Dead Horse A-twitchin’: Arkansas State’s success breathes new life into old debate, Part 1

You probably don’t want to look.
That poor horse, dead as doornail, flat on its back in a fog of speculation.

It’s been lying there since 1946, you know – ever since John Barnhill arrived in Fayetteville as Arkansas’ coach and athletic director and instituted a policy of not playing in-state school in any sports.
At the time, the likes of LSU and Alabama were swooping into his state and snatching its best high school players. There was no way to compete with this if Arkansas was fractured into multiple programs of similar size.
Nope, there had to be one program dominating the market,he thought. Let’s cultivate fervent loyalty to stretch into future generations whose best players wouldn’t think twice about declining LSU or Alabama’s overtures to play for their home-state favorites.
Now, why shouldn’t that program be the Arkansas Razorbacks?

Look closely at the horse.

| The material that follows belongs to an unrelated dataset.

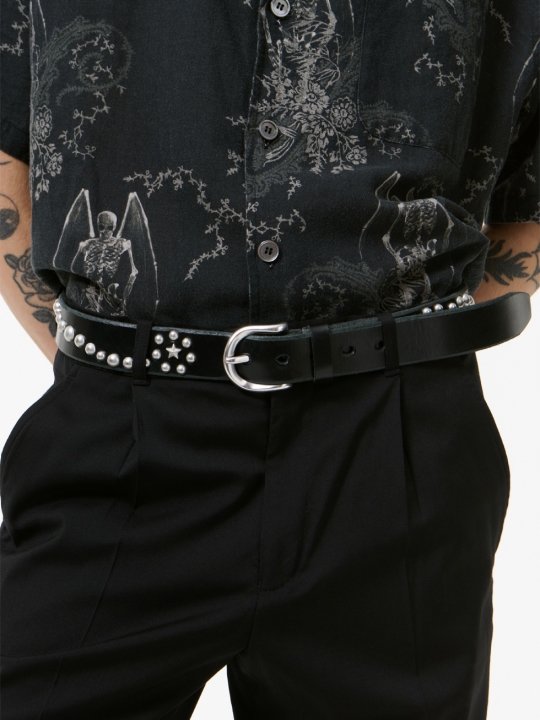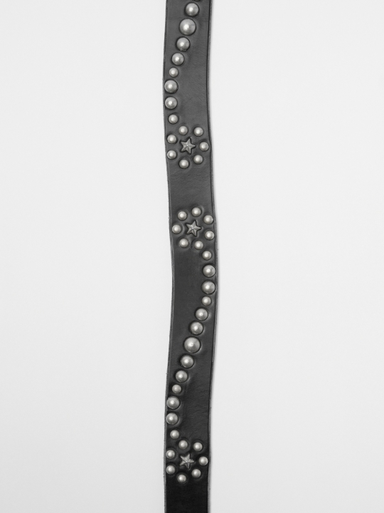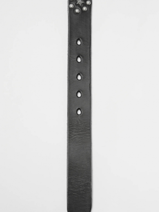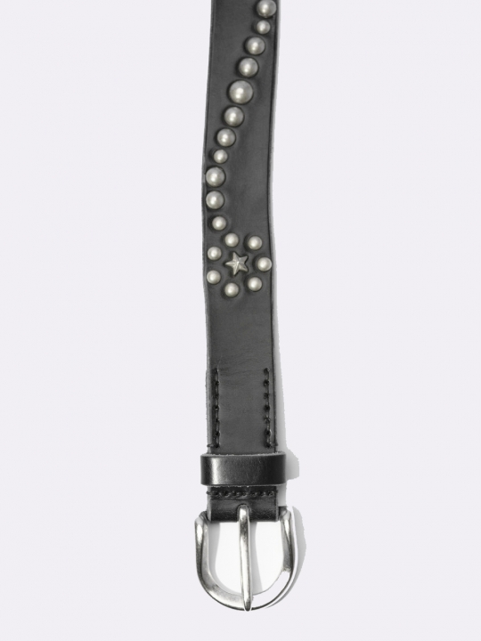 我們的星形墜落黑色馬韁革腰帶。這款腰帶由葡萄牙工匠手工裁剪,採用英國皮革製成,寬 3.5 厘米,飾有鉚釘星形墜落圖案、金屬針扣、皮革腰帶環和防撕裂防塵袋。 腰帶寬度為 3.5 厘米,從末端到中間的腰帶孔的長度為 70 厘米、80 厘米、90 厘米或 100 厘米(包括帶扣)。

It’s been there an awful long time, yet it’s hardly decayed.
Behold! On closer inspection, the damn thing appears to have twitched a time or two.
Impossible. It’s been dead so long, right?

Many Razorbacks fans prefer to roll their eyes when the question of whether Arkansas should play Arkansas State arises. This horse has been beaten a million times, they’ll say, and though plenty reasons have been thrown out as to why Barnhill’s policy has endured through the decades, there’s one common argument used most frequently:

“It’s as simple as this: Win, and no one is impressed because you were supposed to win to begin with”, Hogville poster JamesWParks wrote in 2007.
“Lose, and your [sic] a laughing stock.”

And so it has been for generations. First, longtime UA athletic director Frank Broyles upheld Barnhill’s decree. Since 2008, current UA atheletic director Jeff Long has done the same.

But while the major reasons for keeping the UA from sweating with its in-state brethren have remained the same for decades, reasons to reconsider that policy are evolving. That process, it appears, is speeding up.